Distance Learning Ain't All What It's Cracked Up to Be

It certainly has a place in supplementing brick-and-mortar education, but it should NEVER be seen as one's entire education.

This is most critical in K-12 education, where students need to not just learn academics but also social skills which no homeschool or pseudo-homeschool environment is ever going to teach them well. Not to mention much academic learning occurs when one is interacting with others because there are more ways of teaching students rather than just direct instruction (teacher lectures while student passively sits). There are games, group projects, and other means of imparting academic knowledge. Additionally, there are certain subjects such as science that simply don't lend themselves well to distance/online learning.

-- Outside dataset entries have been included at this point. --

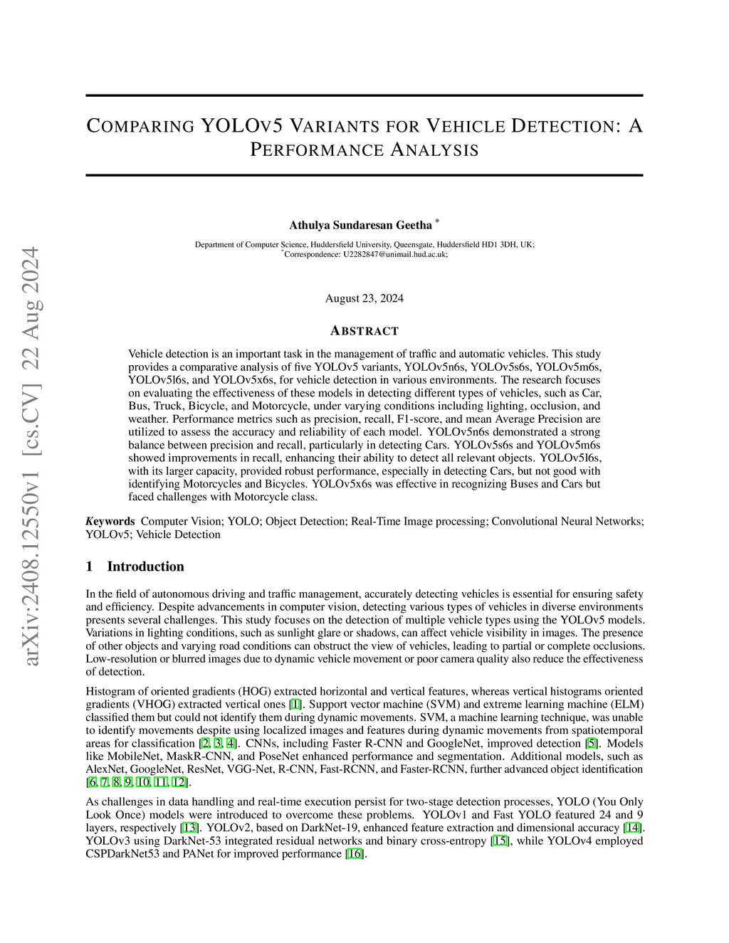 Comparing YOLOv5 Variants for Vehicle Detection: A Performance Analysis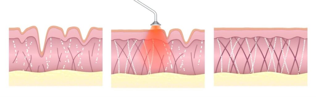 The ablative (destructive) part of the laser gets rid of unwanted debris and dead skin on the surface to reveal the brighter, healthier layer of skin below.
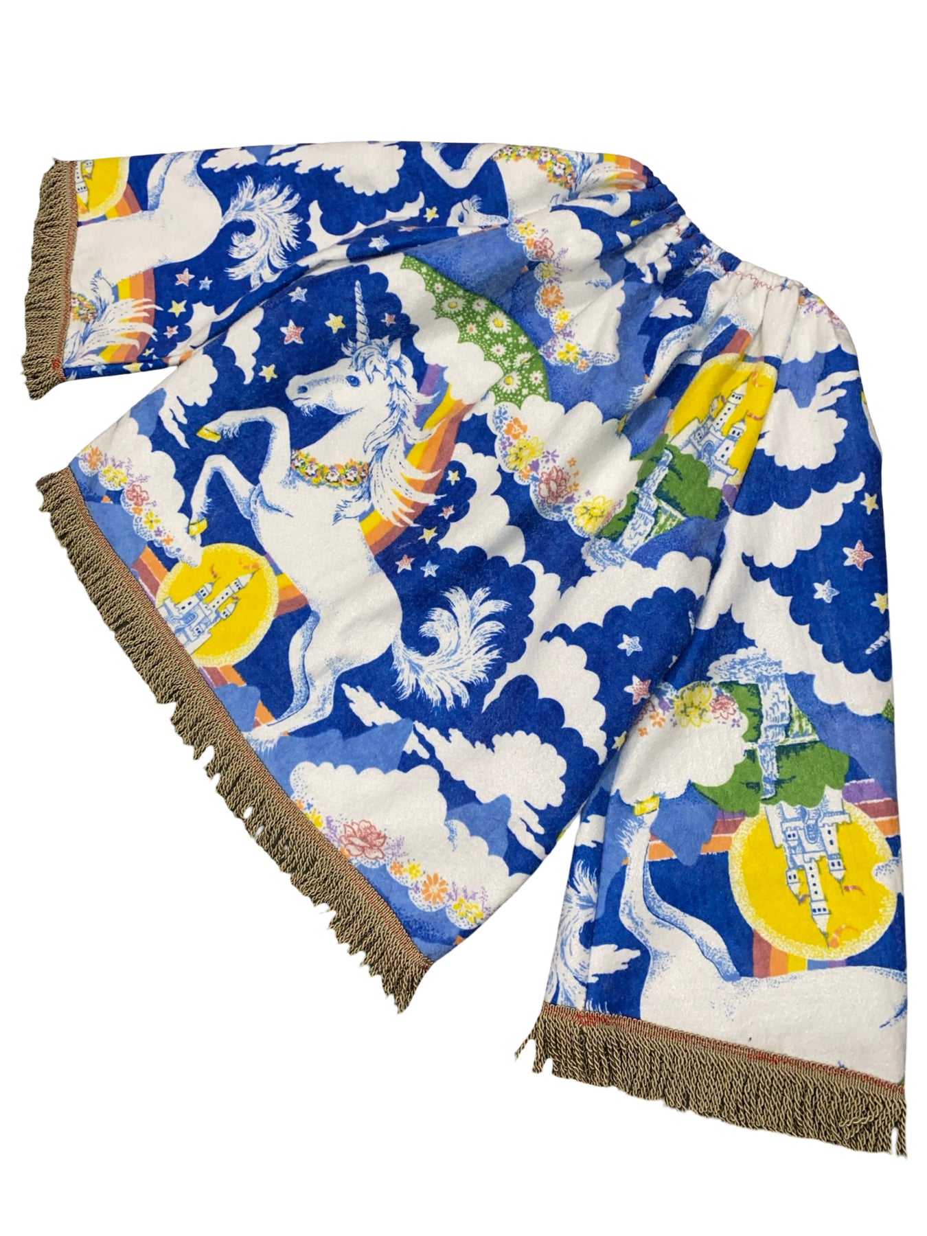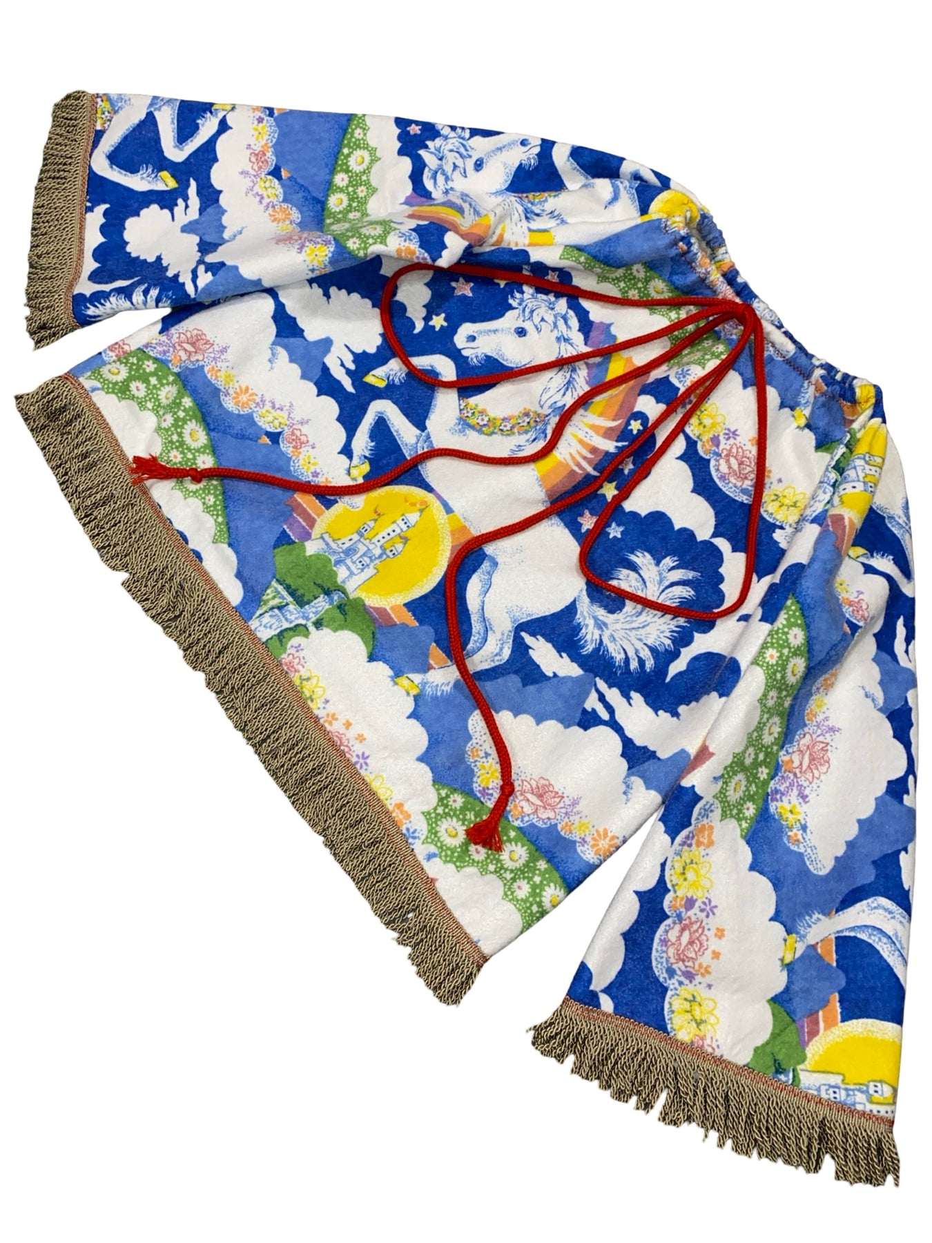 •reworked unicorn fantasy fabric, metallic gold fringe, red cotton cord•made of preexisting material •100% unknown fibre •1 of 1 wearable artwork •designed by artist Danny Welsh

A man who knows what he is talking about talks about the pitfalls:

MB: The political decisions are not based on the research. Cyber charters are often citing the data of supplementary students—students in brick and mortar schools but simply taking a course or two online. We are talking about students that can’t get AP Chemistry, for example, and take it through Michigan Virtual School. The home school will pay the fee and make space available in the computer lab or maybe have a distance-learning room. This child may have Period 2 scheduled for his online class, and they will have a student-teacher ratio roughly the same as for a regular class.
When you look at the research that says that online students do as well or better than face-to-face students, this is based on these supplemental students! In fact, up until about 2006-07, most of the supplemental courses were designed for higher ability students. These are the children we’d expect to be doing as well as or better than average students.

Supplementary online or correspondence courses have always been acceptable, but they aren't offered INSTEAD OF traditional courses.

But there is an agenda at work which has nothng whatsoever to do with student learning:

WSWS: Are these measures subverting the notion of democracy?
MB: Totally, if the notion of a democratic society is to provide the opportunity that everyone has an equal chance to participate in the democracy. They are creating a system where there is one level of education for one class of people and a separate, less equal system.
Americans should be quite familiar with this. It’s the separate but equal doctrine—and we all know that it was never equal. The same thing is happening now, not on overt racial lines—although in some jurisdictions you could argue race does play a big role in what’s happening. You are creating two systems and depriving a group of citizens the right to participate fully in the society. Yet that is the basic purpose of education, to create a lettered population able to be active participants in society.